Problem #1

grep -Eo "[[:alpha:]]+|[[:alpha:]]+'[[:alpha:]]+" frankenstein.txt | sort -f | uniq -ci | sort -nr | head -n 100

Explanation


Problem #2

grep -Eo "[[:alpha:]]+|[[:alpha:]]+'[[:alpha:]]+" frankenstein.txt | sort -f | uniq -ci | sort -nr | grep -ivwf prepositions.txt | head -n 100

Explanation

Everything is just like problem #1, except that before returning the top 100 we cut out the prepositions from the list.

Problem #3

Here I was fine if you just did the analysis on everything that is not part of an HTML tag (i.e. everything <tag NOT HERE> ... but here! ... </tag>).

After taking out the tags, this problem turns into problem #1.

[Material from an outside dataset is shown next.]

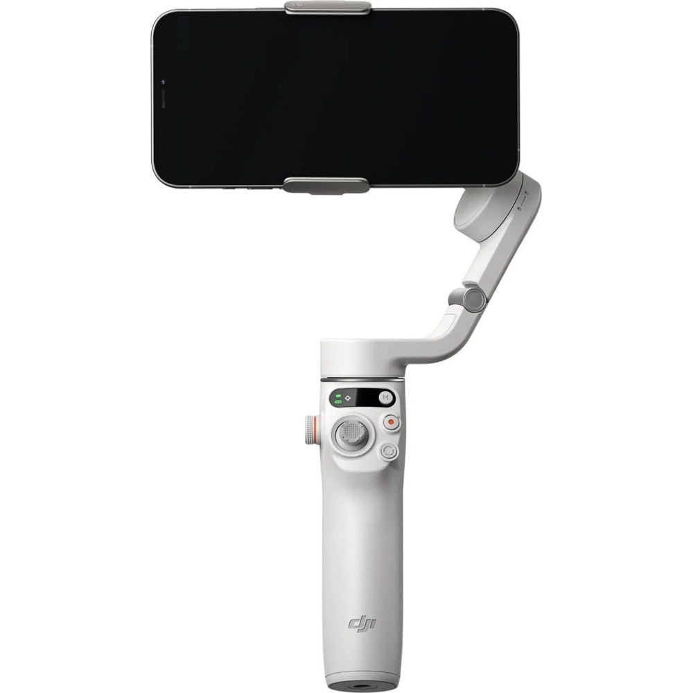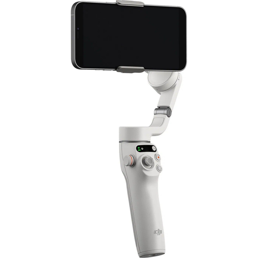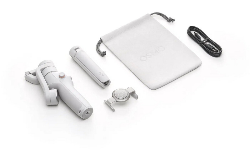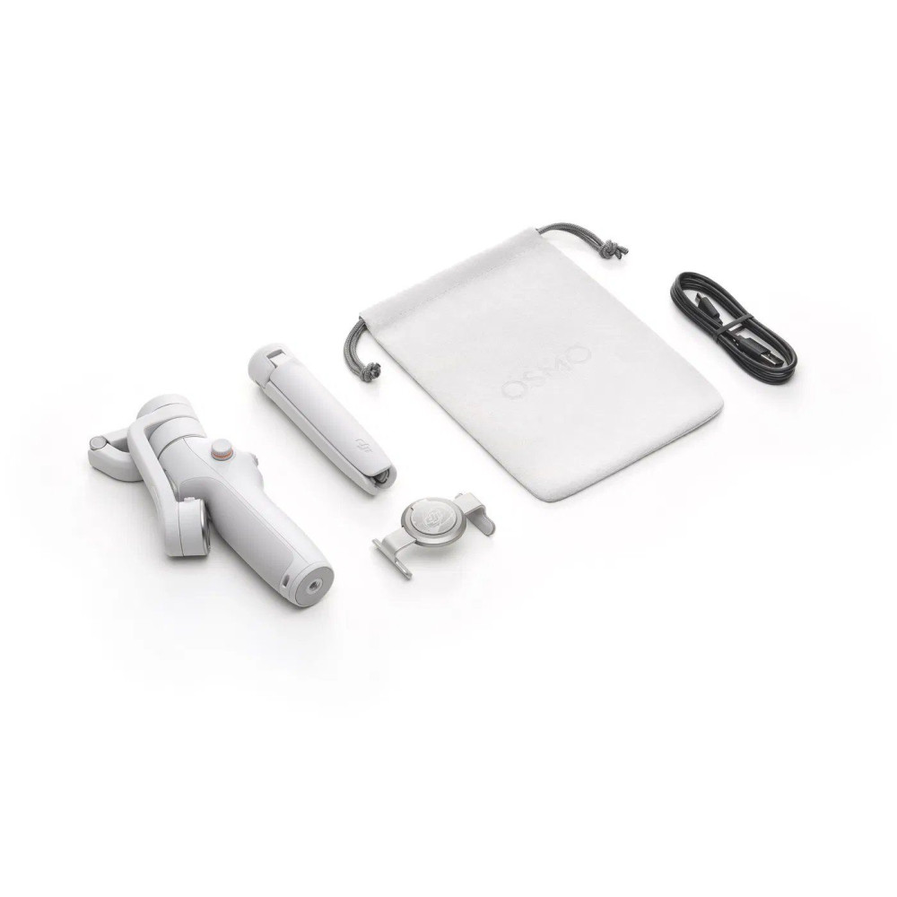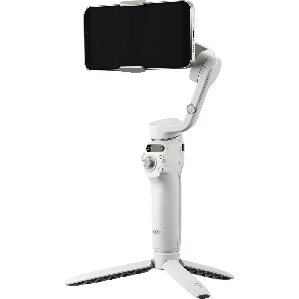 - A DJI Osmo Mobile 6 (platinaszürke) állványlábbal van felszerelve.

tr '\n' ' ' < superbowl_print.html | sed 's/<[^<]*>//g' | grep -Eo "[[:alpha:]]+|[[:alpha:]]+'[[:alpha:]]+" | sort -f | uniq -ci | sort -nr | head -n 100

Explanation


Problem #4

tr '\n' ' ' < superbowl_print.html | sed 's/<[^<]*>//g' | grep -Eo "[[:alpha:]]+|[[:alpha:]]+'[[:alpha:]]+" | grep -B 5 -A 5 -Ei "giants|patriots"

Explanation

This starts by striping away the HTML tags as before and then going through grep to print out every word on a single line.

Problem #5

         gawk -F ',' '
             /start work/ {work -= $3}
             /end work/ {work += $3}
             /start run/ {run -= $3}
             /end run/ {run += $3}
             /start farmers market/ {market -=$3}
             /end farmers market/ {market += $3}
             END {
                print "Total work hours", work
                print "Total run hours", run
                print "Total farmers market hours", market }
           ' activity_log.csv
      

Explanation

This is a simple computational task over a structured file, gawk/awk is the perfect tool for this. First, we tell gawk that the columns of this file are separated by commas instead of the default (which is spaces). This is accomplished via the -F ',' flag (or equivalently by setting FS = ',' in the code).

Next, as gawk runs through the file line by line, it tries to match different expressions, and depending on what it matches it updates a variable value. Remember all numerical variables are initialized to 0 by gawk. The formula for number of hours spent at an activity is hours = end - start. So when we see a line that matches a start of an activity, we subtract the time field (the third field which we refer to by $3) from the running total for that activity. Similarly, when we see an end of an activity, we add the time field to the running total. This gives us the total number of hours spent at the end of the file.

After running through all the lines in the file, gawk will execute the END block, which here just tells it to print the various totals.